Where the line with "Figure 22. Walter" appears below, start writing out lines exactly, and finish with the line with "Afterward, we travelled", which is included; write out nothing else.

= = = = = = =

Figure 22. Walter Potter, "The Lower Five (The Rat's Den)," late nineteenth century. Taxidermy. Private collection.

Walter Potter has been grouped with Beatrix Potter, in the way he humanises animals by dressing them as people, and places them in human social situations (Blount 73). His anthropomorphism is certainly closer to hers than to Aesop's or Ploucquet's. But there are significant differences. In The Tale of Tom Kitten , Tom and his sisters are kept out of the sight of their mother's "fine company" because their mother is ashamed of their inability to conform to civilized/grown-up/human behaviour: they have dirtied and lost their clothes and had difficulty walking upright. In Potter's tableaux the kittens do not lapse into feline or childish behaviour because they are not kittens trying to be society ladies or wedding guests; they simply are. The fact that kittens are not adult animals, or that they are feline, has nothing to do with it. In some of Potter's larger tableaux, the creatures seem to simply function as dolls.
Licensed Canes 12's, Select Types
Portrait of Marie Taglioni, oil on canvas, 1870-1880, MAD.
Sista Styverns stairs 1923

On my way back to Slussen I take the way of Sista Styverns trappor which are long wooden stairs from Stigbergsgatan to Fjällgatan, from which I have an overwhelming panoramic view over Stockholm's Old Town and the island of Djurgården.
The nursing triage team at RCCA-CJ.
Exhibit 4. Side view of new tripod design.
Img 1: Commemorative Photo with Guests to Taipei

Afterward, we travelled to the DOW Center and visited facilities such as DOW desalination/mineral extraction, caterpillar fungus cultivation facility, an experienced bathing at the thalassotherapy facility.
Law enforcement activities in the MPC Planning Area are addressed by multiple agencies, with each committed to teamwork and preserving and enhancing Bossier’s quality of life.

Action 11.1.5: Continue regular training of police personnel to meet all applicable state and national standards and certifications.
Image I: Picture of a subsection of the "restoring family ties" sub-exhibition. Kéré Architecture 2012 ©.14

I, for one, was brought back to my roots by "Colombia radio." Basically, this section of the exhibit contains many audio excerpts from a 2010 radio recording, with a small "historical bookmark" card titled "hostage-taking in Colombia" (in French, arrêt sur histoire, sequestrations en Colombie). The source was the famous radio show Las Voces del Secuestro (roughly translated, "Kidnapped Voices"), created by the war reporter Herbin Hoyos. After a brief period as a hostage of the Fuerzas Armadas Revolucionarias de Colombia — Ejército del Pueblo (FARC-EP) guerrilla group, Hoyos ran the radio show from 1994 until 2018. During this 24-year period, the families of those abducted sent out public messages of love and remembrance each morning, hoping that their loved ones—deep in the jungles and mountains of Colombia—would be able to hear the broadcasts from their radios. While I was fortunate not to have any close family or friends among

= = = = = = =

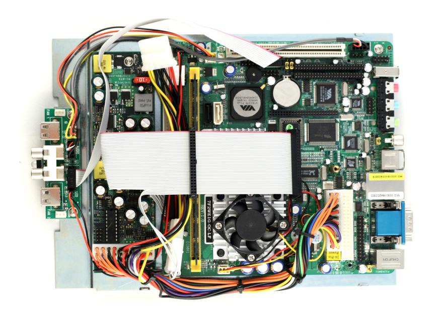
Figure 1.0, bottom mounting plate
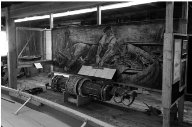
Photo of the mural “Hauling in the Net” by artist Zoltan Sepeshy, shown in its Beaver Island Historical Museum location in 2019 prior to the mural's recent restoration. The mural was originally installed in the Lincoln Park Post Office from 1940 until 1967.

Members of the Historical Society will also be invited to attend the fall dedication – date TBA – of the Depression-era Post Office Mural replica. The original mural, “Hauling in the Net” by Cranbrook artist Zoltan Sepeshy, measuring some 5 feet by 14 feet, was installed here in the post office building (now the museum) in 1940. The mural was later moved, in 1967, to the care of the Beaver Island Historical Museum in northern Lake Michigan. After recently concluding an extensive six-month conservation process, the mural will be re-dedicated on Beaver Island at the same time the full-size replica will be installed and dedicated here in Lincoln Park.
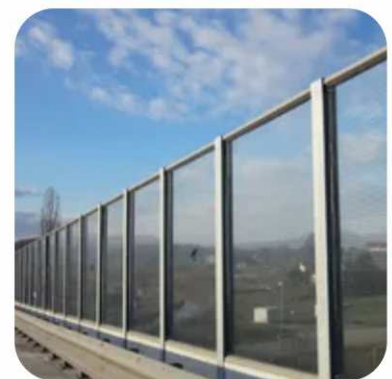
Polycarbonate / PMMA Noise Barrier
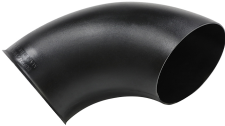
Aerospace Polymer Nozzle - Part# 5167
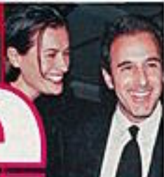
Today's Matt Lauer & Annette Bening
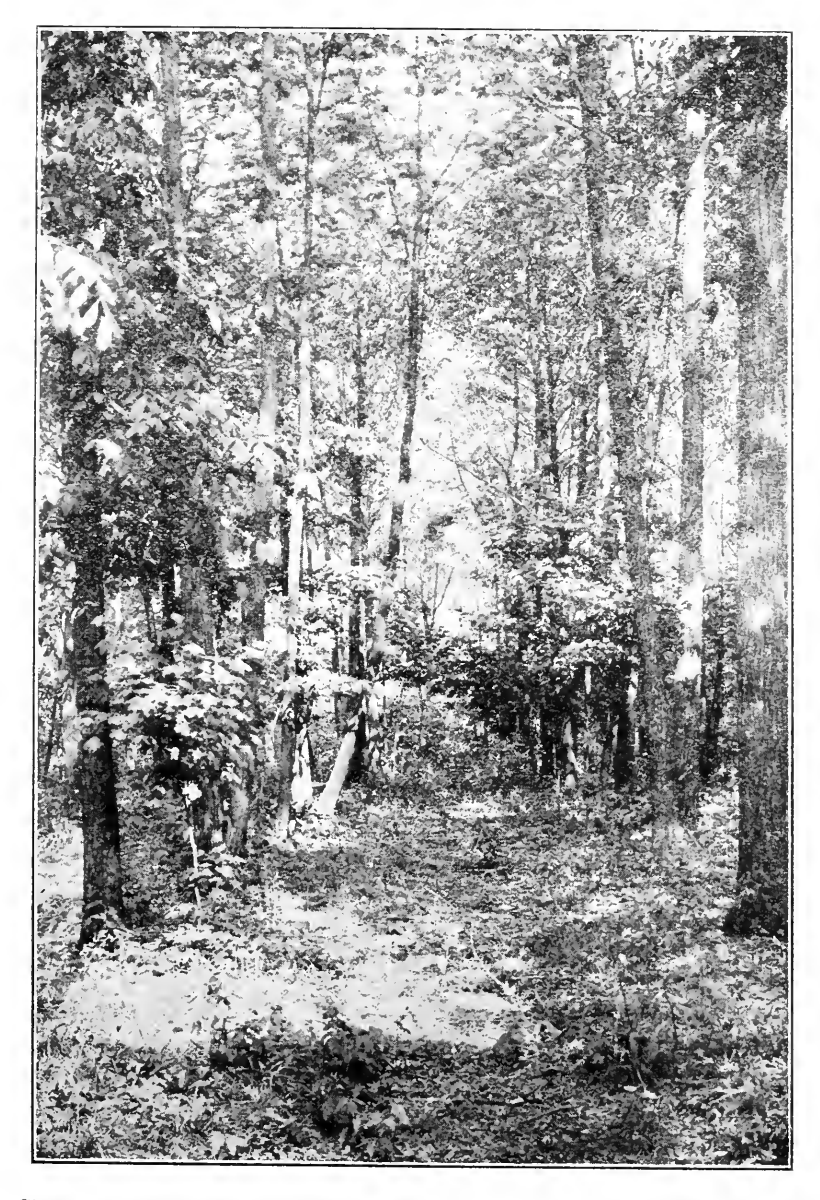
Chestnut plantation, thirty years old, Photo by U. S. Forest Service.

= = = = = = =

» **RESPONSE**
Figure 22. Walter Potter, "The Lower Five (The Rat's Den)," late nineteenth century. Taxidermy. Private collection.

Walter Potter has been grouped with Beatrix Potter, in the way he humanises animals by dressing them as people, and places them in human social situations (Blount 73). His anthropomorphism is certainly closer to hers than to Aesop's or Ploucquet's. But there are significant differences. In The Tale of Tom Kitten , Tom and his sisters are kept out of the sight of their mother's "fine company" because their mother is ashamed of their inability to conform to civilized/grown-up/human behaviour: they have dirtied and lost their clothes and had difficulty walking upright. In Potter's tableaux the kittens do not lapse into feline or childish behaviour because they are not kittens trying to be society ladies or wedding guests; they simply are. The fact that kittens are not adult animals, or that they are feline, has nothing to do with it. In some of Potter's larger tableaux, the creatures seem to simply function as dolls.
Licensed Canes 12's, Select Types
Portrait of Marie Taglioni, oil on canvas, 1870-1880, MAD.
Sista Styverns stairs 1923

On my way back to Slussen I take the way of Sista Styverns trappor which are long wooden stairs from Stigbergsgatan to Fjällgatan, from which I have an overwhelming panoramic view over Stockholm's Old Town and the island of Djurgården.
The nursing triage team at RCCA-CJ.
Exhibit 4. Side view of new tripod design.
Img 1: Commemorative Photo with Guests to Taipei

Afterward, we travelled to the DOW Center and visited facilities such as DOW desalination/mineral extraction, caterpillar fungus cultivation facility, an experienced bathing at the thalassotherapy facility.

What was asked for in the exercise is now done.